■ What to work on ■
Would you set down the data below exactly as shown?

■ Extracted entries ■
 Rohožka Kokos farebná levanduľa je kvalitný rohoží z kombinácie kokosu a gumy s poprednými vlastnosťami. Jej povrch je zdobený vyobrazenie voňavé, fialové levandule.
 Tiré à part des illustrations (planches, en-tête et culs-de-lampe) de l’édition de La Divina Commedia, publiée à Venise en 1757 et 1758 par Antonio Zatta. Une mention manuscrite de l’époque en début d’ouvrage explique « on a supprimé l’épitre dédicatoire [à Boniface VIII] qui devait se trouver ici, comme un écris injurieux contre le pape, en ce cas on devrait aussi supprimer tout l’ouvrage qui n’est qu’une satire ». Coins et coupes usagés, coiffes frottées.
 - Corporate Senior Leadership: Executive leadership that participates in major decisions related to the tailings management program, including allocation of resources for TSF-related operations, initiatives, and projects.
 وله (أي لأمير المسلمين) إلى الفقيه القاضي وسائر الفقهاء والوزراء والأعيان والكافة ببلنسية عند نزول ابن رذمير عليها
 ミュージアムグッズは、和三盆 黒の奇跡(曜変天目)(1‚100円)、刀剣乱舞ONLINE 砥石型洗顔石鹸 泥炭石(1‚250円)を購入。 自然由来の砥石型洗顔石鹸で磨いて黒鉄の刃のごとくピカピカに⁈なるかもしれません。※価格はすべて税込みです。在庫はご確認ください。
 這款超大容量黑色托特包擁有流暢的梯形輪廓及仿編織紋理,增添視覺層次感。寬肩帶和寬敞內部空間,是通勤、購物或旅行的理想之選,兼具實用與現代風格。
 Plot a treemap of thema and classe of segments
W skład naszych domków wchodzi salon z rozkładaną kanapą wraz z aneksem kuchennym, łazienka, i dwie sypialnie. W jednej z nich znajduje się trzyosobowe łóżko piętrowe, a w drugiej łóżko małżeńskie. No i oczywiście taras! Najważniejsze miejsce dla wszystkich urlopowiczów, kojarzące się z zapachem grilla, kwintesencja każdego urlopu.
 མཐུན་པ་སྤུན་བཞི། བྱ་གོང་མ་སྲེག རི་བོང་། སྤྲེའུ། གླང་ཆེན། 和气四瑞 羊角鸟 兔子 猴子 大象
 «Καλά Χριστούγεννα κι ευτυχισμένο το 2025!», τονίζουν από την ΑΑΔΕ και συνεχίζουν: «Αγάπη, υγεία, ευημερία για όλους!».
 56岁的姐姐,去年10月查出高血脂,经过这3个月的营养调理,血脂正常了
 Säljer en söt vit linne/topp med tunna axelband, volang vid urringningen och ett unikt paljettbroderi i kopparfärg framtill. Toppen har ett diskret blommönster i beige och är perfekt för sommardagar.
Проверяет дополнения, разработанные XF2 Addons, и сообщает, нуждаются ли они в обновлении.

■ Output below ■
 Rohožka Kokos farebná levanduľa je kvalitný rohoží z kombinácie kokosu a gumy s poprednými vlastnosťami. Jej povrch je zdobený vyobrazenie voňavé, fialové levandule.
 Tiré à part des illustrations (planches, en-tête et culs-de-lampe) de l’édition de La Divina Commedia, publiée à Venise en 1757 et 1758 par Antonio Zatta. Une mention manuscrite de l’époque en début d’ouvrage explique « on a supprimé l’épitre dédicatoire [à Boniface VIII] qui devait se trouver ici, comme un écris injurieux contre le pape, en ce cas on devrait aussi supprimer tout l’ouvrage qui n’est qu’une satire ». Coins et coupes usagés, coiffes frottées.
 - Corporate Senior Leadership: Executive leadership that participates in major decisions related to the tailings management program, including allocation of resources for TSF-related operations, initiatives, and projects.
 وله (أي لأمير المسلمين) إلى الفقيه القاضي وسائر الفقهاء والوزراء والأعيان والكافة ببلنسية عند نزول ابن رذمير عليها
 ミュージアムグッズは、和三盆 黒の奇跡(曜変天目)(1‚100円)、刀剣乱舞ONLINE 砥石型洗顔石鹸 泥炭石(1‚250円)を購入。 自然由来の砥石型洗顔石鹸で磨いて黒鉄の刃のごとくピカピカに⁈なるかもしれません。※価格はすべて税込みです。在庫はご確認ください。
 這款超大容量黑色托特包擁有流暢的梯形輪廓及仿編織紋理,增添視覺層次感。寬肩帶和寬敞內部空間,是通勤、購物或旅行的理想之選,兼具實用與現代風格。
 Plot a treemap of thema and classe of segments
W skład naszych domków wchodzi salon z rozkładaną kanapą wraz z aneksem kuchennym, łazienka, i dwie sypialnie. W jednej z nich znajduje się trzyosobowe łóżko piętrowe, a w drugiej łóżko małżeńskie. No i oczywiście taras! Najważniejsze miejsce dla wszystkich urlopowiczów, kojarzące się z zapachem grilla, kwintesencja każdego urlopu.
 མཐུན་པ་སྤུན་བཞི། བྱ་གོང་མ་སྲེག རི་བོང་། སྤྲེའུ། གླང་ཆེན། 和气四瑞 羊角鸟 兔子 猴子 大象
 «Καλά Χριστούγεννα κι ευτυχισμένο το 2025!», τονίζουν από την ΑΑΔΕ και συνεχίζουν: «Αγάπη, υγεία, ευημερία για όλους!».
 56岁的姐姐,去年10月查出高血脂,经过这3个月的营养调理,血脂正常了
 Säljer en söt vit linne/topp med tunna axelband, volang vid urringningen och ett unikt paljettbroderi i kopparfärg framtill. Toppen har ett diskret blommönster i beige och är perfekt för sommardagar.
Проверяет дополнения, разработанные XF2 Addons, и сообщает, нуждаются ли они в обновлении.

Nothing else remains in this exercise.